In its inspection report for FY18-19, RBI says, "Several credit proposals (120 proposals in March 2019 amounting to Rs1,583 crore) were sanctioned or ratified by the managing director and chief executive officer (MD&CEO) or senior officials just near year-end, enhancing oversight lapse risk. Few of these accounts involved sanction of new facilities to the irregular borrowers to avoid being tagged as a special mention account (SMA) or non-performing asset (NPA). In few SMA-2 accounts (two out of a sample of five) upgraded (out of SMA) as on the date of present inspection (DPI). It was found that overdues were cleared through the sanction of fresh limits."
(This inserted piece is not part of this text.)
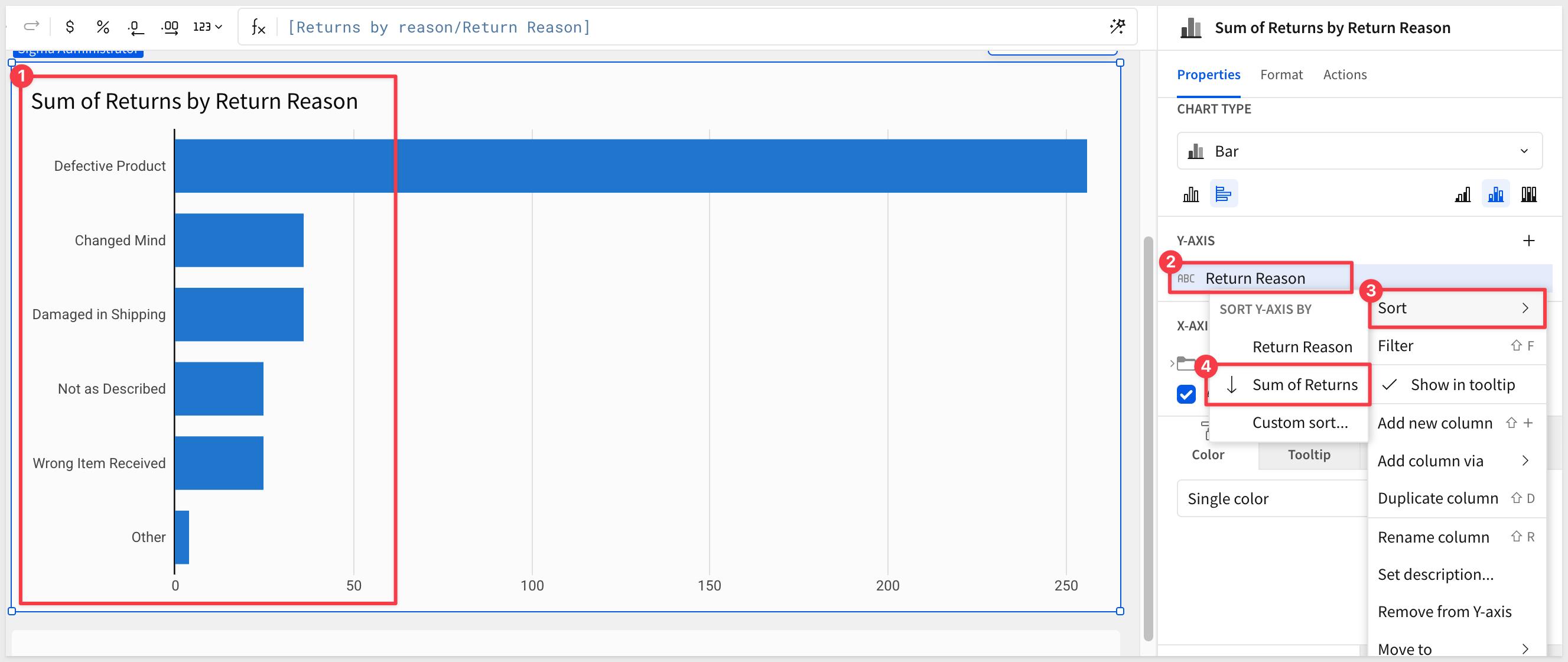Sort the Y-AXIS on Sum of Returns descending:
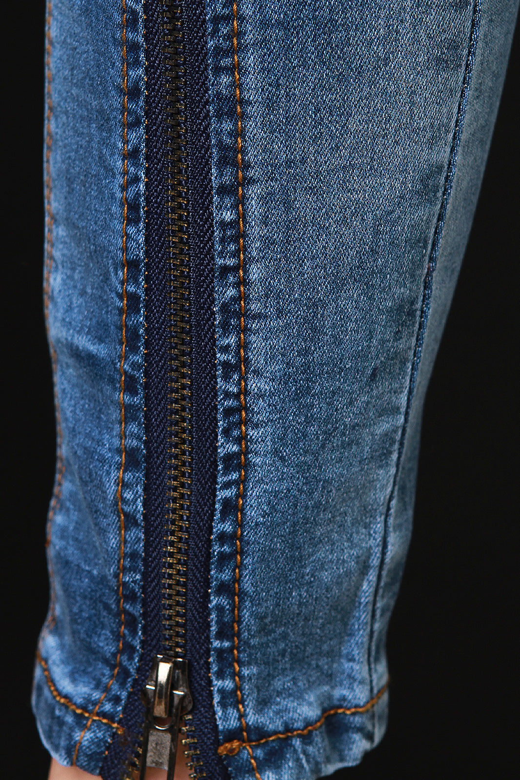 Zipper Trim Distressed Cutout Knee Skinny Ankle Jeans

"During the previous year and the year under review, fresh sanctions aggregating Rs34.9 crore were made to nine borrowers which got classified as NPA as on DPI. Out of fresh sanctions as above, Rs29.9 crore was to cover the then existing overdues," the report says.
Commenting on RBI sharing the inspection report, Mr Agrawal says, "At last RBI has released inspection report of a bank under the RTI Act vide its letter dated 22 August 2022, though very late after more than eight months of filing RTI application dated 13 August 2021. Even if section 11 of the RTI Act for seeking comments of the Bank concerned was to be invoked, information must have been provided within 45 days of receipt of RTI application by RBI."
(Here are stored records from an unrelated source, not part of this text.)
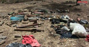 Homs/ Lors du ratissage du village de Ghanto dans la banlieue nord de Homs, les services compétents ont découvert des armes diverses, des roquettes, des obus de mortier et de mines …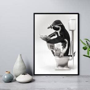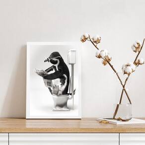 Quadro para banheiro pinguim no vaso 45x34cm Moldura: madeira branca Informações do produto tire todas as suas dúvidas no descritivo abaixo: decoração para quarto, sala, cozinha, escritório, área gourmet e muito mais. Chega de paredes vazias. Medidas - cada peça tem 45x34cm a3 . Material do papel - papel fotográfico brilhante de altíssima resolução acabamento - todos os quadros são acompanhados de uma película de acetato para proteção da imagem. - os quadros são embalados de forma segura com plástico bolha com camada dupla de acordo com o tamanho dos quadros. - de 3 meses. Meu quadro chegou. Como posso fixá-lo Você precisa apenas de um martelo e um prego, pois os quadros já vão acompanhados de penduradores. Esta é a forma mais indicada. Caso prefira, você pode utilizar uma fita dupla face neste caso, sugerimos de alta qualidade para evitar que descole e seu quadro caia . Como posso limpar meu quadro A limpeza é feita como um móvel comum da sua casa. Apenas um pano seco ou espanador são suficientes para tal Marca: Não Informado Ean: 7894193078723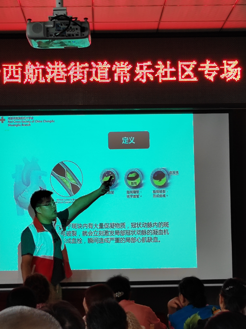 本次培训会由街道老年人协会副会长高力主持,应急救护是一项十分重要的社会责任和担当,每个人都要认识到自己在应急救护的重要性,积极学习,掌握和运用应急救护知识和技能,为社会的和谐稳定贡献自己的力量。来自双流区红十字会的专业老师熊天奇老师利用PPT、以图文并茂的形式生动展现了意外事件(烧烫伤、鼻出血)的预防和救治,急性冠状动脉综合征、脑中风的特征和预防处理和注意事项,把应急救护的相关知识和技能传授给大家,让参会人员更加全面了解和掌握了卫生急救知识和技能。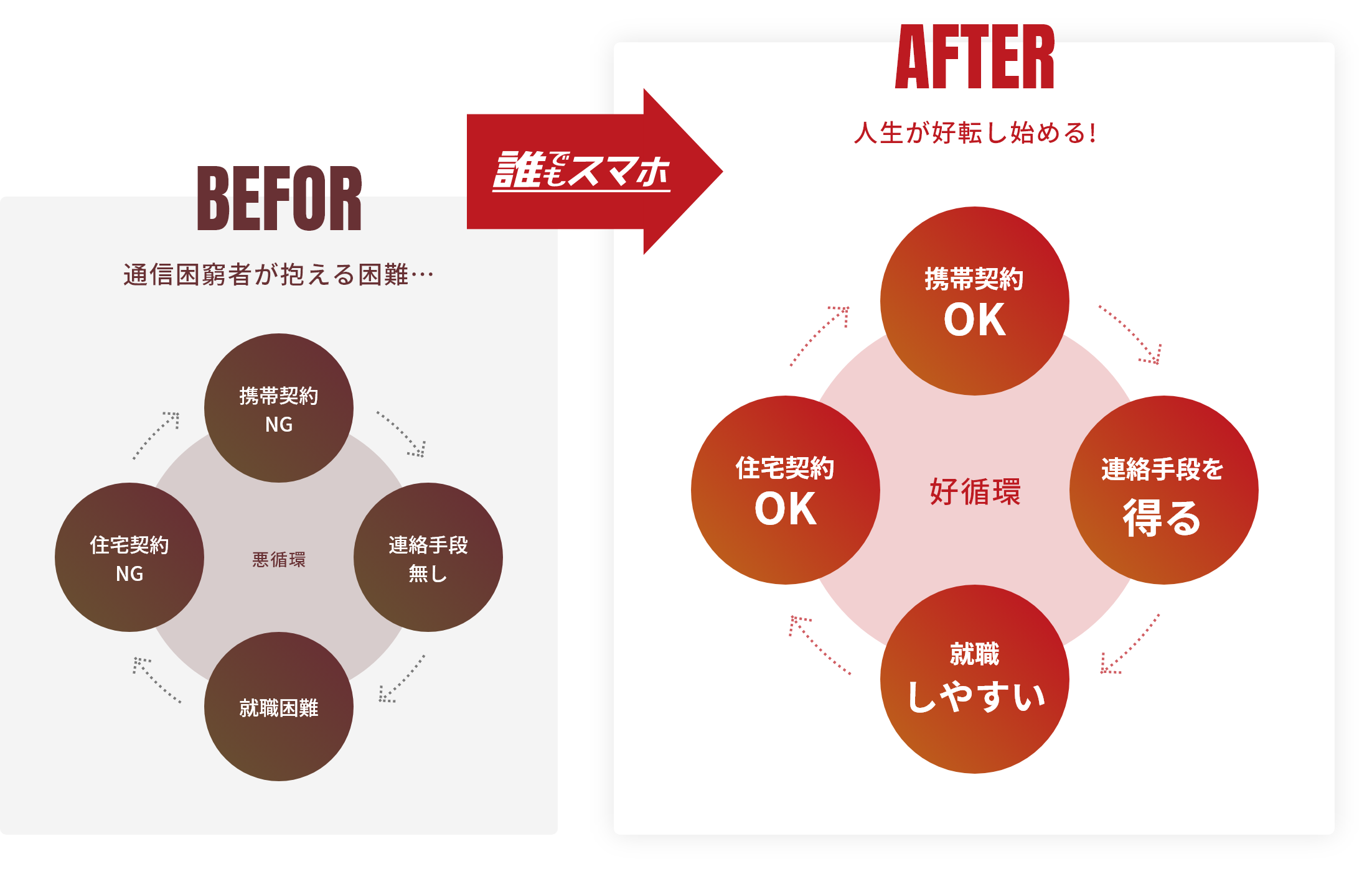 すべての人に届ける。 - 「誰でもスマホ」は、過去の支払い問題やクレジットカード未所持で、携帯が契約できない方々に向けて、誰もが携帯を持てる希望を提供します。就職や家の契約など、通信サービスを超えた生活の基本を取り戻す手助けをすることで、人生を前向きに変える一歩をサポートします。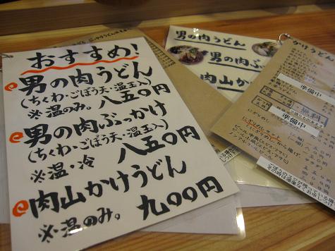 「おすすめ!」メニューから、「男の肉ぶっかけ (温) 850円(⇒本日半額で425円)」をオーダーです。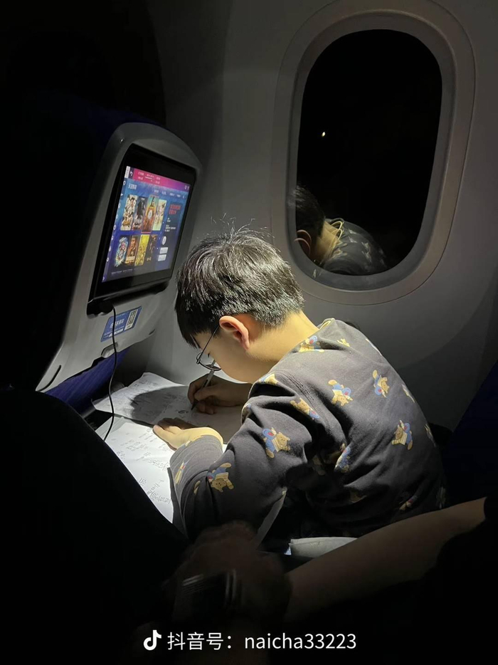 河南的罗女士也拍下了儿子在飞机上“赶工”的画面。2月9日,从布达佩斯飞广州的航班上,当时已是北京时间的晚上,飞机上大部分人都睡着了,而罗女士正在读四年级的儿子却打开阅读灯,在小桌板上完成当天数学打卡的任务。“感觉他在飞机上写作业的效率还挺高的。”

"It is pertinent to mention that 110-page inspection report was provided after unduly charging Rs220 as copying charges even though RTI Act provides free-of-cost copied documents under section 7(6) of RTI Act in case copying charges are demanded after 30 days of demand of copying charges," he added.
Coming back to the report, according to RBI, the risk culture of City Union Bank manifested itself in taking a calibrated risk as a calibrated model of lending was followed. However, it says short-term loans, adhoc or enhancement in some cases and utilisation of proceeds to recover overdues was not in sync with principles of sound credit discipline.
For example, the report says the Bank's internal policy stipulated a higher margin against book debt of non-banking finance companies (NBFCs) engaged in financing second-hand or used vehicles and machinery. However, the Bank sanctioned such loans at a lower margin.
"It was observed that the Bank had financed a chit company for the purpose of depositing margin money with sub-registrar of chit for running a chit scheme. Few accounts were regularised near the balance sheet date by providing new facilities to the irregular borrowers, to avoid being tagged as SMA or NPA," the report says.
During its inspection, the RBI team also observed that City Union Bank has a separate loan product for pawnbrokers. "However, it was observed that the Bank granted gold loans to an individual customer on more than 100 occasions within a short span of time without adequate due diligence. These were classified as agri-jewel loans without ensuring end use."
"It was observed that a few ex-staff accounts (54 accounts with outstanding of Rs79 lakh) were classified as NPA by the statutory auditor. These were non-superannuation exits, but the loan accounts were not settled before the exit. The risk management department (RMD) was not even made aware of such accounts," the report points out.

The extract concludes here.